**TASK DESCRIPTION**. Begin at the line containing "Schweizer Blautopas Ring" in the records below, end at the line containing "Cute Animals Pattern", and retype each line in that span exactly. No other line and no image should appear.

**EXERCISE MATERIALS**.
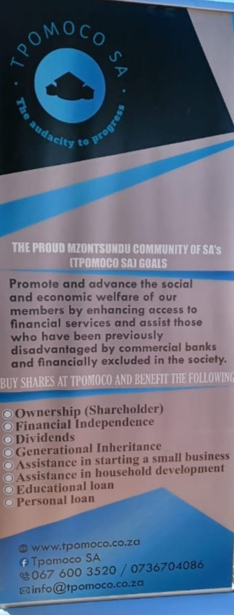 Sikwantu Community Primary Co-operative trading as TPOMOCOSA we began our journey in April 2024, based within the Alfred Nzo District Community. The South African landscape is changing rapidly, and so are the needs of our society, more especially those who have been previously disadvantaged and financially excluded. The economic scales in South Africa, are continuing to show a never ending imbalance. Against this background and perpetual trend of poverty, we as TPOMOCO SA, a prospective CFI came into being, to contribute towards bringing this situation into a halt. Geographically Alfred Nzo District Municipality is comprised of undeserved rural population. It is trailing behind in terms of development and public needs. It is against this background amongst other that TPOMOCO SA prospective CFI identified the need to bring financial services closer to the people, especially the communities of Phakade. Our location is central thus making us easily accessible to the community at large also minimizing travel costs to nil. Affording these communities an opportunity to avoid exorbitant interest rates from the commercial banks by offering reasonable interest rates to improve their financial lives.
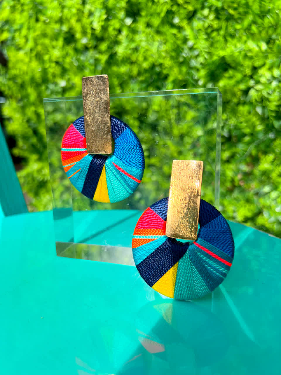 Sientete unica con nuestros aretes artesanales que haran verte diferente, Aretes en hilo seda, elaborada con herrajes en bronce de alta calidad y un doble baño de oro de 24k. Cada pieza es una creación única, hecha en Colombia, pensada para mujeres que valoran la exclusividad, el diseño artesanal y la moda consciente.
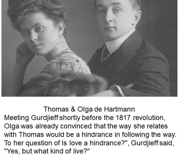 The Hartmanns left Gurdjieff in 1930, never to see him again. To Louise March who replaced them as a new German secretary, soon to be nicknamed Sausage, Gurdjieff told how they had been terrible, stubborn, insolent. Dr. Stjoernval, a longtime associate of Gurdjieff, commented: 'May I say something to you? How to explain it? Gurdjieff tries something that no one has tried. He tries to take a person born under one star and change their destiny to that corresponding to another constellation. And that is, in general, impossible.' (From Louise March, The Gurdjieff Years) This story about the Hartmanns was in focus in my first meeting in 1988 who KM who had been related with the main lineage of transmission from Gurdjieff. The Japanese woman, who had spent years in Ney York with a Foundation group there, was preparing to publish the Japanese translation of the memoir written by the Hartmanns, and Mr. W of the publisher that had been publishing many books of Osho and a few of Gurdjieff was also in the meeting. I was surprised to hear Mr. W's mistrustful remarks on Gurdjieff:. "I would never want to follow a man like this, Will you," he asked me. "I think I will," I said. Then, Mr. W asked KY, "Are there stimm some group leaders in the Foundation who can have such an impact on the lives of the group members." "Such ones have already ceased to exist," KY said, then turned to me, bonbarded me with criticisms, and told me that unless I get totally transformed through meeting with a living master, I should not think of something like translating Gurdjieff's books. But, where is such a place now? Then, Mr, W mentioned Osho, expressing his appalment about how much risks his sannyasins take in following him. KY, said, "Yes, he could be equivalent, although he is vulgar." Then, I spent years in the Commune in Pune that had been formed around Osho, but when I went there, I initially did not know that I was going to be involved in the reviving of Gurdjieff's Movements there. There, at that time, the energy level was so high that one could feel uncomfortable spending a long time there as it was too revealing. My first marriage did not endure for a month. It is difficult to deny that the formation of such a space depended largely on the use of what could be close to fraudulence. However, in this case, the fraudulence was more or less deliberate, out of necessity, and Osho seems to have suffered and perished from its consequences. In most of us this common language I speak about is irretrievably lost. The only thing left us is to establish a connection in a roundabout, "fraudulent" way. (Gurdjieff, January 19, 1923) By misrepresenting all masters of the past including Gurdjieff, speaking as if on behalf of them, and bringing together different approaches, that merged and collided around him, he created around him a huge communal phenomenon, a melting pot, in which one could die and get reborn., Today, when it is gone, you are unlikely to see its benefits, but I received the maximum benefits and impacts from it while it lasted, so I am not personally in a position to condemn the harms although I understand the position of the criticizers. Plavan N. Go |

---

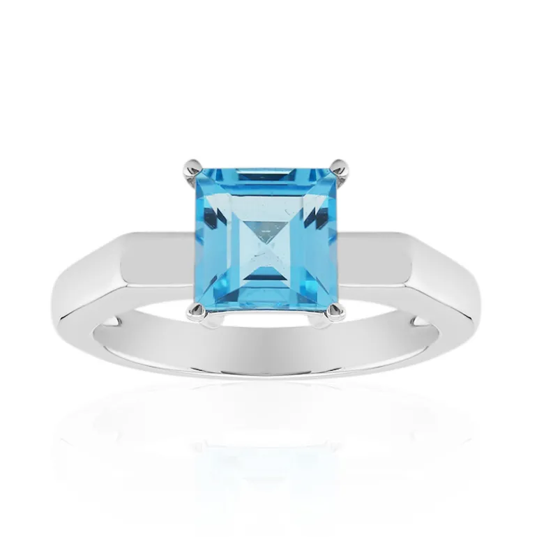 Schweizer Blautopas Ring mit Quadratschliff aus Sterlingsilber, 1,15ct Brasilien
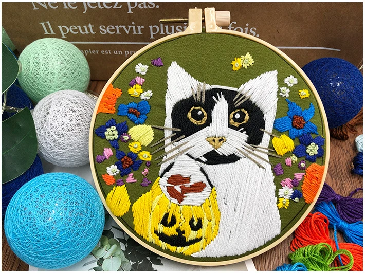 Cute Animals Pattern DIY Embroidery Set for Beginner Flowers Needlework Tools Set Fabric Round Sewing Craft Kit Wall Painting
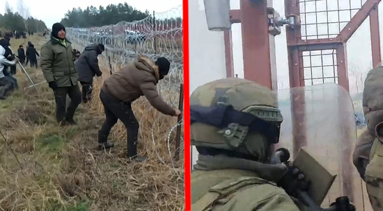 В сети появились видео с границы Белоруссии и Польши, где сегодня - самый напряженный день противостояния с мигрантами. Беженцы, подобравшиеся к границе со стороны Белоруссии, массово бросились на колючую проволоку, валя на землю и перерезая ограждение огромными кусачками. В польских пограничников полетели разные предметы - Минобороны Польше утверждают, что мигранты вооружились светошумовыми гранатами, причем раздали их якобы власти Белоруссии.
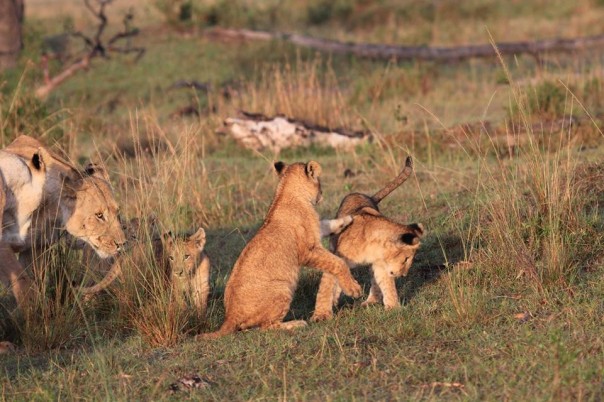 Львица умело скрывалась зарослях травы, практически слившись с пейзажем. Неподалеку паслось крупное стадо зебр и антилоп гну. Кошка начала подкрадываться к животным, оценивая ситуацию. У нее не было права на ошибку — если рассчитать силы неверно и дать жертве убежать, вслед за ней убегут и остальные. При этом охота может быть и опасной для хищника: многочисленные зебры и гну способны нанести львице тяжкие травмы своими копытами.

**EXPECTED ANSWER**.
 Schweizer Blautopas Ring mit Quadratschliff aus Sterlingsilber, 1,15ct Brasilien
 Cute Animals Pattern DIY Embroidery Set for Beginner Flowers Needlework Tools Set Fabric Round Sewing Craft Kit Wall Painting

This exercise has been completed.